**DIRECTIONS**
Give the data again in full, without pictures.

━━━ DATA RECORDS

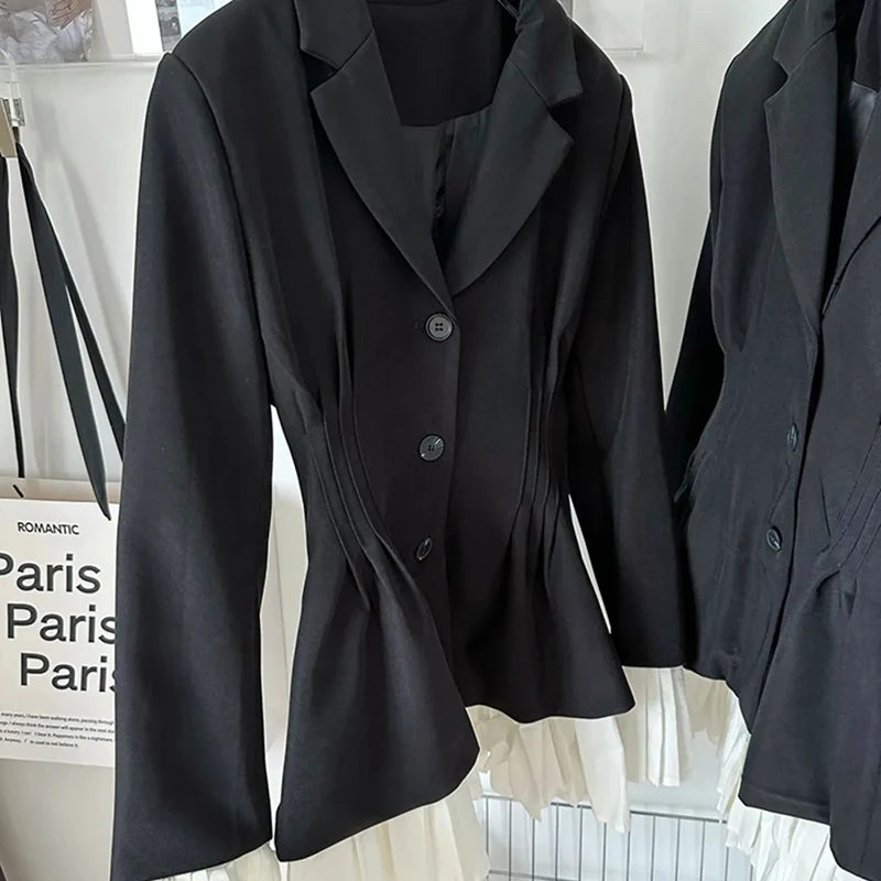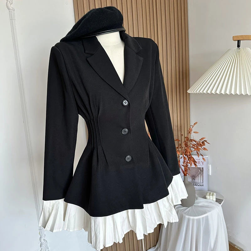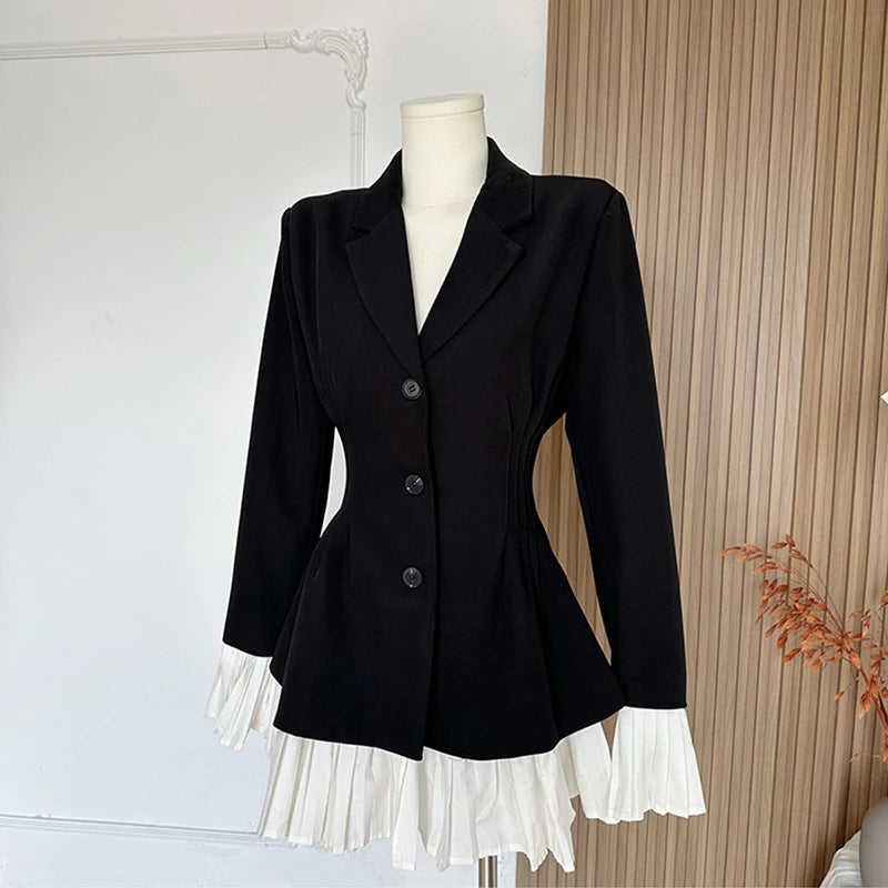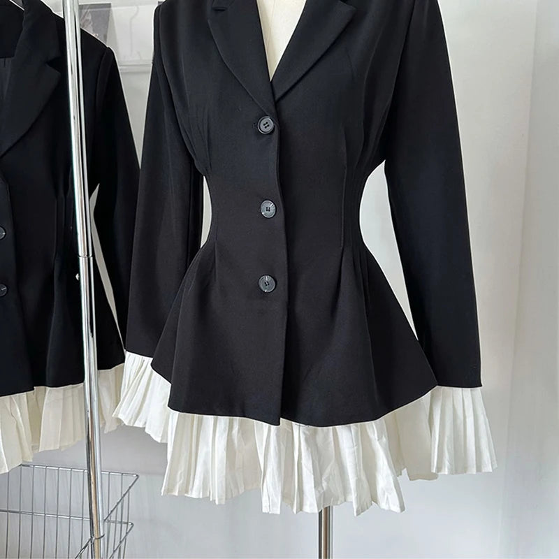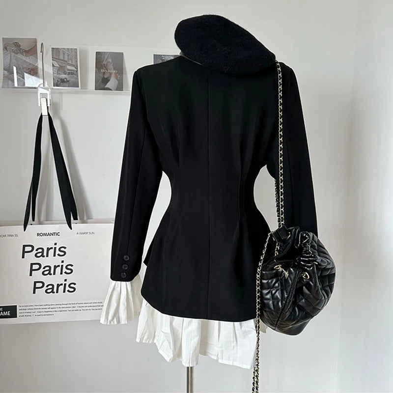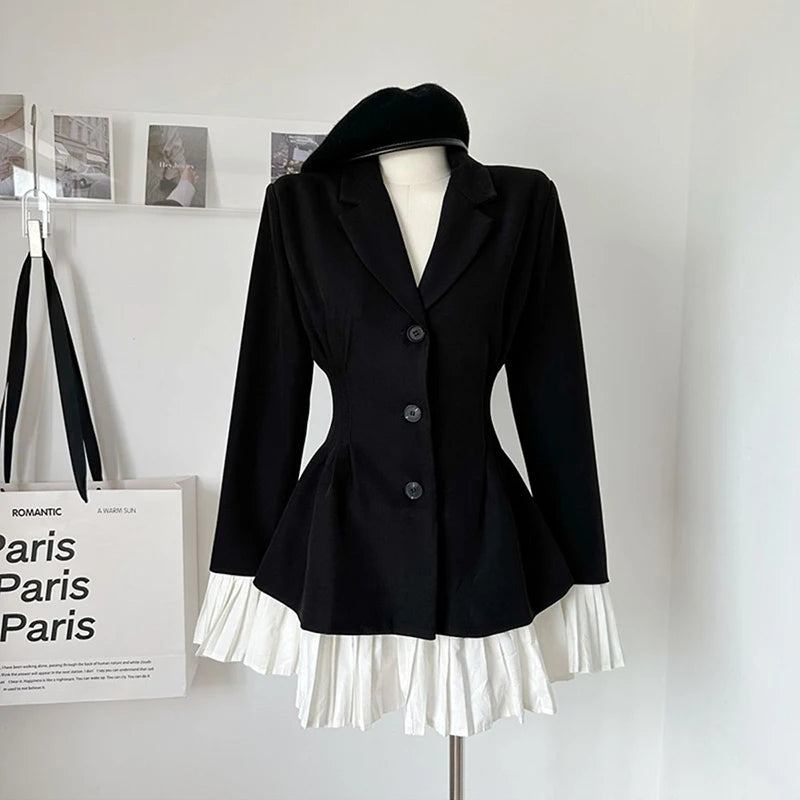 Bxoxo Korean Chic Patchwork Suit Mini Dress Women Autumn Fashion Bell Sleeve Stitching A Line Vestido Y2K Streetwear Party Night Dress
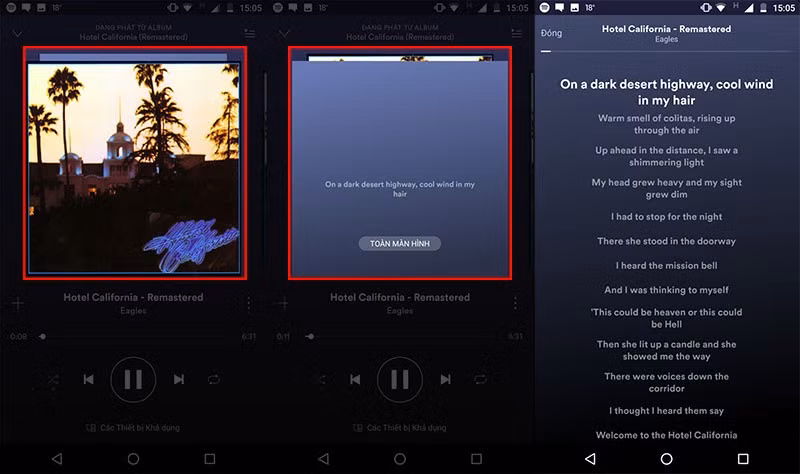 Bước 2: Bấm vào tên bài hát để mở chế độ toàn màn hình. Sau đó chọn Nhấn vào để xem lời bài hát.
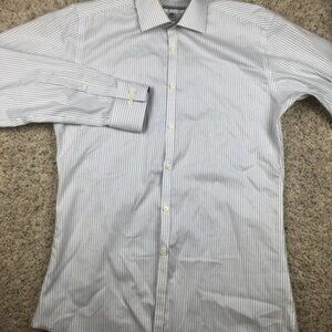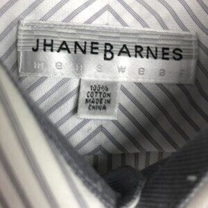 Jhane Barnes Mens White Striped Button Up Cotton Dress Shirt Size 15 32/33
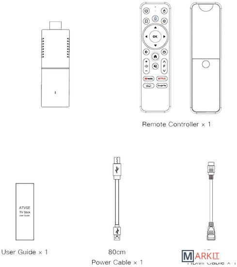 Комплект поставки | Micro-USB кабель, Руководство по эксплуатации, HDMI кабель, BT пульт дистанционного управления |
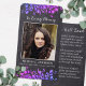 Rustic Chalkboard Eucalyptus Sympathy Funeral Prayer Cards. Det här eleganterna minneskortet för böner har en blå lila- och rosa eucalyptus grey på chalkboard skiate design. "In Loving Memory" Anpassa det här minneskortet för begravning med dina nära foto, namn & data och känslor. Tillbaka ~ 'Efterglöd' Dikt, som kan vara personlig, var snäll och nå ut om du vill ha en design med en specifik dikt annan än. Det här minneskortet kommer att vara en välkänd keepé, för begravningstjänster och firande i livet. COPYRIGHT © 2020 Judy Burrows, Black Hund Art - Med alla Höger reserverade. Rustiskt botaniskt symtomatiskt bölkort
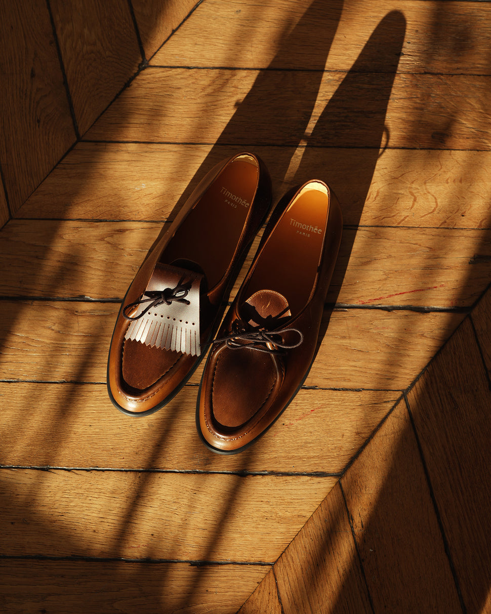 Cognac brown shoes with fringe by Timothée Paris worn with creme pants and a brown coat on a beige background
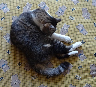 19.鼻キズ子のニケちゃんは横を向いて手足を伸ばす事もあるんだ。
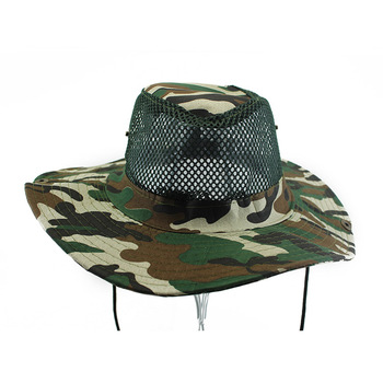 Sombreros de cubo con estampado personalizado, sombrero de pescador de camuflaje de ala ancha, gorra de cubo para exteriores de red transpirable para verano
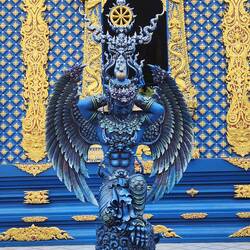 Inside, the Blue Temple is a kaleidoscope of colour and patterns, with elaborate and unbelievably intricate paintings completely covering every surface. Like most Thai temples, the walls depictRead more
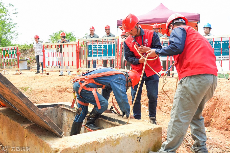 电缆井下作业是星电电建人最常见的作业场景之一,为切实提高作业人员的安全意识和应急救援能力、避险能力,4月17日上午,星电集团在岳麓科技园110kV学坪I、II线#017-#022杆迁工程作业现场进行有限空间应急演练。
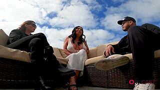 Two horny stepdaughters tease their stepdad by the pool, leading to a wild threesome
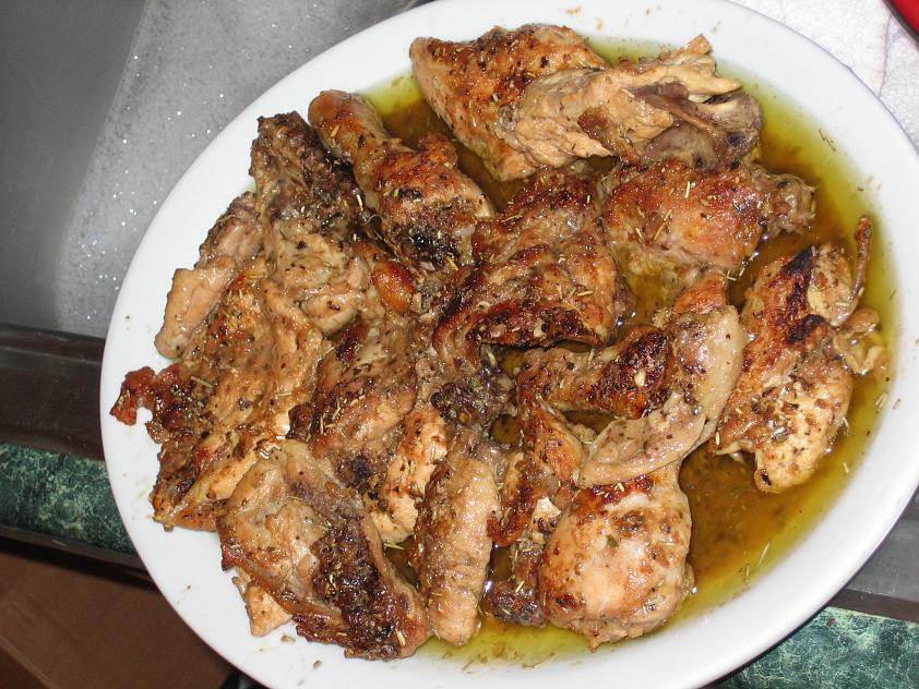 I cooked up to pair with it, the little round tubes, the meat itself was just PERFECT! The photo I led off with was the actual restaurant dish as shot in the place itself, I think. This photo is 'live', and still cooling on the counter. I browned the chicken in a pot, then scraped down the 'gratin' in the oil to free it from the pan, mixed in the dry spices, mixed thoroughly in the pot, added the wine, brought it to a rippling boil, then poured it out over the chicken I had sitting in a large pyrex baking dish. I put it in the oven on the lowest rack under the broiler and about every 10 minutes, spooned the juice over the pieces of chicken. It really stayed hot, cooked the chicken fork tender, and gave me the perfect crusty brown color. I could have let it get browner for more flavor, but I was HUNGRY. Also, it should be noted I took a short cut since I had little cash with me on the way home from work. I had money for wine or fresh garlic, and I had garlic powder at home. So I made the tough call and went with powder. It affects the look a lot, the flavor some, and ME none at all. MAKE THIS DISH! Last edited by OLS; 09-23-2011 at 06:48 PM. |
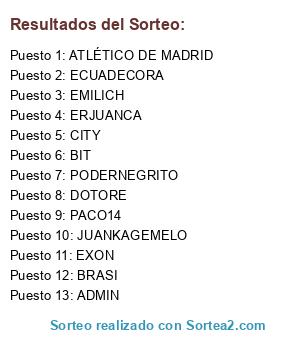 Lista de participantes: JUANKAGEMELO, EXON, PACO14, ATLÉTICO DE MADRID, BIT, ERJUANCA, EMILICH, CITY, PODERNEGRITO, ADMIN, DOTORE, ECUADECORA, BRASI.

━━━━━━

**SOLUTION**
 Bxoxo Korean Chic Patchwork Suit Mini Dress Women Autumn Fashion Bell Sleeve Stitching A Line Vestido Y2K Streetwear Party Night Dress
 Bước 2: Bấm vào tên bài hát để mở chế độ toàn màn hình. Sau đó chọn Nhấn vào để xem lời bài hát.
 Jhane Barnes Mens White Striped Button Up Cotton Dress Shirt Size 15 32/33
 Комплект поставки | Micro-USB кабель, Руководство по эксплуатации, HDMI кабель, BT пульт дистанционного управления |
 Rustic Chalkboard Eucalyptus Sympathy Funeral Prayer Cards. Det här eleganterna minneskortet för böner har en blå lila- och rosa eucalyptus grey på chalkboard skiate design. "In Loving Memory" Anpassa det här minneskortet för begravning med dina nära foto, namn & data och känslor. Tillbaka ~ 'Efterglöd' Dikt, som kan vara personlig, var snäll och nå ut om du vill ha en design med en specifik dikt annan än. Det här minneskortet kommer att vara en välkänd keepé, för begravningstjänster och firande i livet. COPYRIGHT © 2020 Judy Burrows, Black Hund Art - Med alla Höger reserverade. Rustiskt botaniskt symtomatiskt bölkort
 Cognac brown shoes with fringe by Timothée Paris worn with creme pants and a brown coat on a beige background
 19.鼻キズ子のニケちゃんは横を向いて手足を伸ばす事もあるんだ。
 Sombreros de cubo con estampado personalizado, sombrero de pescador de camuflaje de ala ancha, gorra de cubo para exteriores de red transpirable para verano
 Inside, the Blue Temple is a kaleidoscope of colour and patterns, with elaborate and unbelievably intricate paintings completely covering every surface. Like most Thai temples, the walls depictRead more
 电缆井下作业是星电电建人最常见的作业场景之一,为切实提高作业人员的安全意识和应急救援能力、避险能力,4月17日上午,星电集团在岳麓科技园110kV学坪I、II线#017-#022杆迁工程作业现场进行有限空间应急演练。
 Two horny stepdaughters tease their stepdad by the pool, leading to a wild threesome
 I cooked up to pair with it, the little round tubes, the meat itself was just PERFECT! The photo I led off with was the actual restaurant dish as shot in the place itself, I think. This photo is 'live', and still cooling on the counter. I browned the chicken in a pot, then scraped down the 'gratin' in the oil to free it from the pan, mixed in the dry spices, mixed thoroughly in the pot, added the wine, brought it to a rippling boil, then poured it out over the chicken I had sitting in a large pyrex baking dish. I put it in the oven on the lowest rack under the broiler and about every 10 minutes, spooned the juice over the pieces of chicken. It really stayed hot, cooked the chicken fork tender, and gave me the perfect crusty brown color. I could have let it get browner for more flavor, but I was HUNGRY. Also, it should be noted I took a short cut since I had little cash with me on the way home from work. I had money for wine or fresh garlic, and I had garlic powder at home. So I made the tough call and went with powder. It affects the look a lot, the flavor some, and ME none at all. MAKE THIS DISH! Last edited by OLS; 09-23-2011 at 06:48 PM. |
 Lista de participantes: JUANKAGEMELO, EXON, PACO14, ATLÉTICO DE MADRID, BIT, ERJUANCA, EMILICH, CITY, PODERNEGRITO, ADMIN, DOTORE, ECUADECORA, BRASI.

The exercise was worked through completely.